Fentham

What can the dancer say,
moving with his arms that way,
and with those legs and hips, that we,
in our dumb bodies, say with tongue and lips?

He says that in the movement of my being,
this breath, this life, “I am.” —And no one,
even he who soon might take me,
may be the dance I am.

Bruce Fentham died of AIDS in 1993. He was a dancer in Melbourne. Near death and unable to walk, his last performance was as the hood ornament of the car that led the 1993 Fringe Festival parade. See The Age 25 October 1992 (page 7), and 8 September 1993 (page 15).
This poem was published by the HIV Here and Now Project and at The Body on 27 November 2016.

Prayer

I pray to speak as musicians
  pray; those whom I trust, more than writers,
    since they may speak without need to tell.
      With this desire, without end of longing
    for that sound to fill me, I am contrite,
  and offer my imperfect contrition
to the hope I shall not end in Hell. 

O God, whose music made me,
  I beg you, do not leave me soundless
    where I am, believing nothing, and my mouth
      numb with lies. I am in pain.
    Say only—to this silent, shapeless
  form of life I have, you might give remedy.
With that uncertain knife I could untie my tongue.

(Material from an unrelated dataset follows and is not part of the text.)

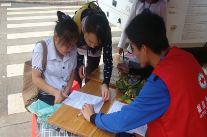 阴沉的天气阻挡不了大家献血的热情,南苑献血处前来咨询﹑献血的同学络绎不绝。青志部的志愿者们亲切耐心地为大家解惑答疑,指导填写献血单,并且在献血结束后为献血者提供一些小纪念品以资鼓励。在采访中,很多同学都表示,为国家公益事业做出贡献,不仅是一种荣誉,更是当代大学生的责任。一位曾多次献血的大四同学说,“自己只是在做身为大学生应当做的事,没什么特别的。”

[Ask as if to extract admission]

Ask, as if to extract admission,
or hoping to discover I am empty,

What do you believe?

and I say, “There is nothing
to be claimed today not wrong tomorrow”.

I laugh my loud, ungraceful laugh,
rub two words together, making light

for a blind and slippery god who, for all
I know, may also lose his way…

“My god is the worm
whose kingdom comes to everyone.”

[When he is leaving]

When he is leaving and opens his arms around me
I know there is one place I will be small and human,
Breakable, weak, most unlike my other self.

Lips should be the most telling part. Kissing the rough,
imperfect surfaces to speak another language,
I learn how smart a silence is. And also, how

love will turn my head off like a light,
leave me stupid, thick and clouded honey.
It’s just as well I’m dumb with love—

If I thought of danger or of pain, calculated futures
or the interest gained, I would be alone.